*What you have to do*
Below, locate the line that contains "作词:谱鸣霄 作曲:谱鸣霄 演唱(奏):潇公子(刘潇) 来源:谱友天恩上传 上传:天恩". Repeat exactly from that line to the line that contains "以黄宣优(20岁,江原道厅)", inclusive, leaving out the pictures.

*Material shown*
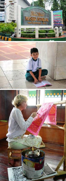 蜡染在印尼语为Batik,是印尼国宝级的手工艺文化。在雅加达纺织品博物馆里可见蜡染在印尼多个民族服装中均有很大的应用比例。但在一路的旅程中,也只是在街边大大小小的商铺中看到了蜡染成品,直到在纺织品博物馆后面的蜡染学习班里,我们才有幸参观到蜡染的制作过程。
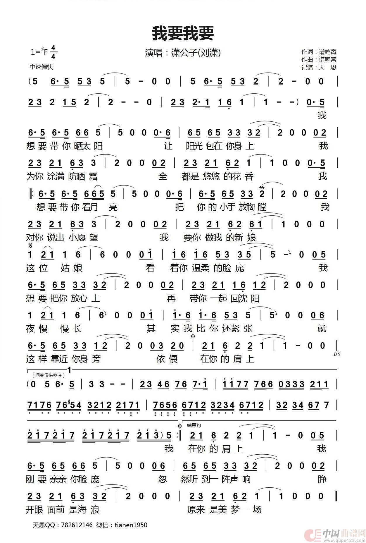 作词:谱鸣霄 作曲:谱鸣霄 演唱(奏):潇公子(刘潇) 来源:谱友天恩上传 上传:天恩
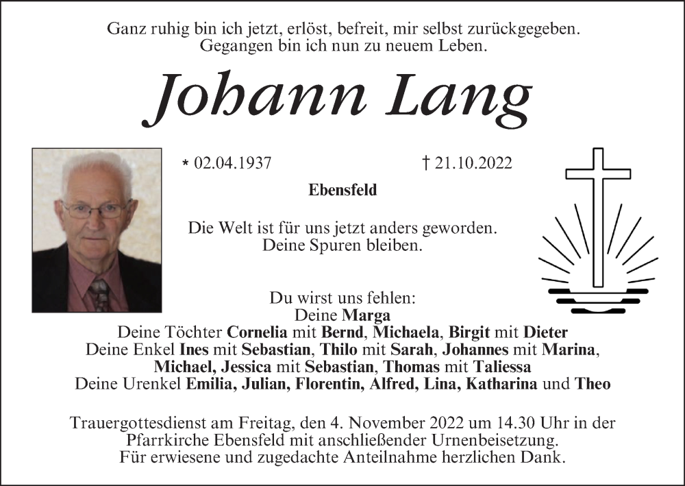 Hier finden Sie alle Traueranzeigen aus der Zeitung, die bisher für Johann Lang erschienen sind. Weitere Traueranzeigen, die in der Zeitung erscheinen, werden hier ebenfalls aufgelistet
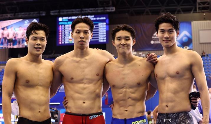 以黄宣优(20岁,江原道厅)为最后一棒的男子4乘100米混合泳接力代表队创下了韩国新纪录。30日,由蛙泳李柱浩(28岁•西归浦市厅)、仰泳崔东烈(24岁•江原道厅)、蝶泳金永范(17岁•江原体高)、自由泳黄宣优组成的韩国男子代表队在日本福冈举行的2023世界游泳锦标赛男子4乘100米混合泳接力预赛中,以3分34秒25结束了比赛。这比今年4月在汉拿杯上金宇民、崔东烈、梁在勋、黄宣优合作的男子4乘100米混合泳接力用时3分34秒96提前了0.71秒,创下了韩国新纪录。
==
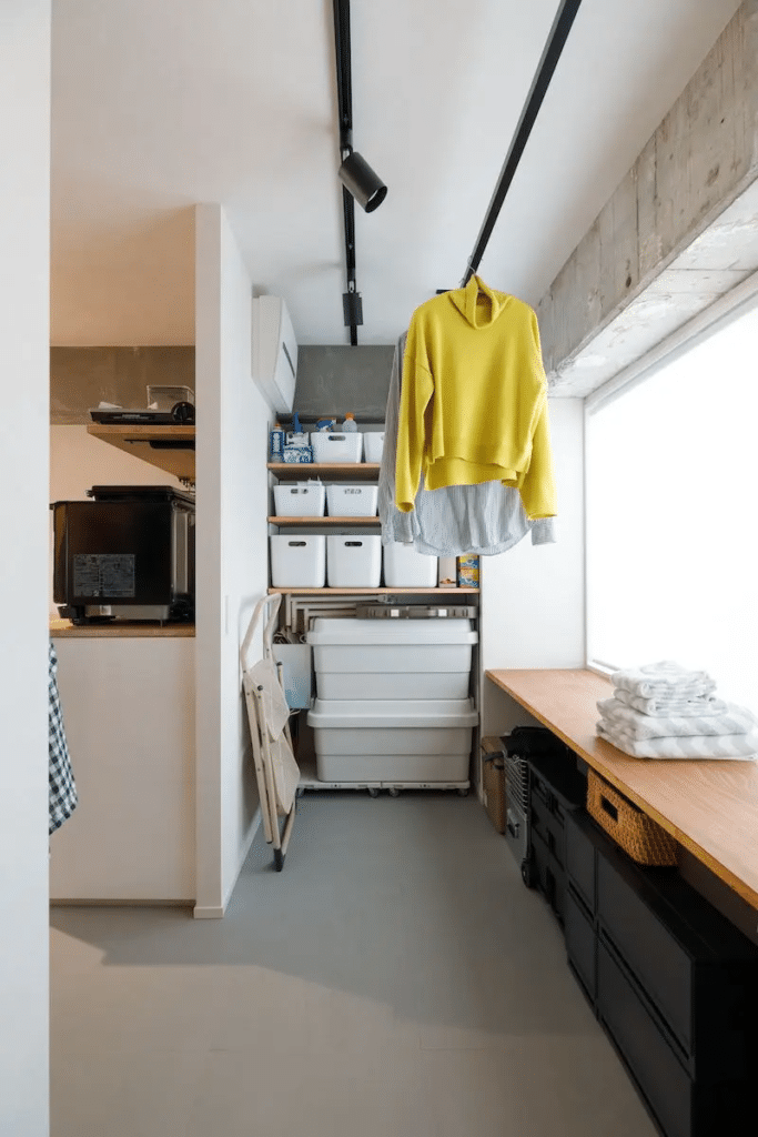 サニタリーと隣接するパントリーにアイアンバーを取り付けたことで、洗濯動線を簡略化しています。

*Exercise response*
 作词:谱鸣霄 作曲:谱鸣霄 演唱(奏):潇公子(刘潇) 来源:谱友天恩上传 上传:天恩
 Hier finden Sie alle Traueranzeigen aus der Zeitung, die bisher für Johann Lang erschienen sind. Weitere Traueranzeigen, die in der Zeitung erscheinen, werden hier ebenfalls aufgelistet
 以黄宣优(20岁,江原道厅)为最后一棒的男子4乘100米混合泳接力代表队创下了韩国新纪录。30日,由蛙泳李柱浩(28岁•西归浦市厅)、仰泳崔东烈(24岁•江原道厅)、蝶泳金永范(17岁•江原体高)、自由泳黄宣优组成的韩国男子代表队在日本福冈举行的2023世界游泳锦标赛男子4乘100米混合泳接力预赛中,以3分34秒25结束了比赛。这比今年4月在汉拿杯上金宇民、崔东烈、梁在勋、黄宣优合作的男子4乘100米混合泳接力用时3分34秒96提前了0.71秒,创下了韩国新纪录。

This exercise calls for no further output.